Holmes empertigou-se na cadeira, visivelmente excitado.
- É o que pensei - disse. - Por acaso notou se tem as orelhas furadas para brincos?
- Sim, senhor. Ele disse que uma cigana fizera isso quando ele era criança.
- Hum - disse Holmes, recostando-se, pensativo.
- Ah, sim. Acabei de deixá-lo.
- E seus negócios correram bem em sua ausência?
- Não posso me queixar.
- Muito bem, Sr. Wilson. Terei o prazer de lhe dar uma notícia sobre esse assunto dentro de um dia ou dois. Hoje é sábado, espero que na segunda-feira tenha chegado a uma conclusão.
- Bem, Watson, - disse Holmes, quando nosso visitante saiu - o que acha disso tudo?
- Não acho nada - respondi, com toda a franqueza. - É um negócio muito misterioso.
- Em geral - retorquiu Holmes - quanto mais bizarra uma coisa, menos misteriosa é. Os crimes comuns é que são realmente difíceis, da mesma maneira que um rosto comum é o mais difícil de identificar.

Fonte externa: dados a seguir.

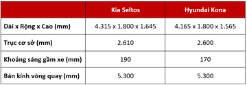 Về kích thước, Kia Seltos hoàn toàn vượt trội so với Hyundai Kona khi dài hơn đến 150 mm và cao hơn 80 mm. Đặc biệt, chiều dài trục cơ sở của Seltos lớn hơn 10 mm so với Kona, mang đến khoảng để chân thoải mái hơn cho cả hai hàng ghế. Bán kính quay vòng trên cả hai mẫu xe đều đạt mức 5.3 m, mang đến khả năng xoay sở tốt trong môi trường đô thị. Con số này tương đương với Ecosport và tốt hơn nhiều so với mẫu xe đắt tiền nhất phân khúc là Honda HR-V (5.7 m).

- O que vai fazer? - perguntei.
- Fumar - respondeu. - É problema para três cachimbos e peço que não fale comigo por cinqüenta minutos. - Enroscou-se na cadeira, com os joelhos encostando no nariz adunco, e lá ficou, de olhos fechados, com o cachimbo de barro preto se projetando da boca como o bico de um pássaro estranho. Cheguei à conclusão que adormecera, e cabeceava de sono eu mesmo, quando de repente saltou da cadeira com o gesto de um homem que tivesse tomado uma resolução e colocou o cachimbo na prateleira acima da lareira.
- Estão tocando em St. James' Hall hoje à tarde - disse. - o que acha, Watson? Seus doentes podem dispensar você por algumas horas?
- Não tenho nada a fazer hoje. Minha clientela nunca me absorve muito.
- Então pegue seu chapéu e vamos. Vou passar pela cidade primeiro e podemos almoçar no caminho. Notei que há muitas peças alemãs no programa, que me agradam muito mais que a música italiana ou francesa. É introspectiva, e quero ser introspectivo. Vamos!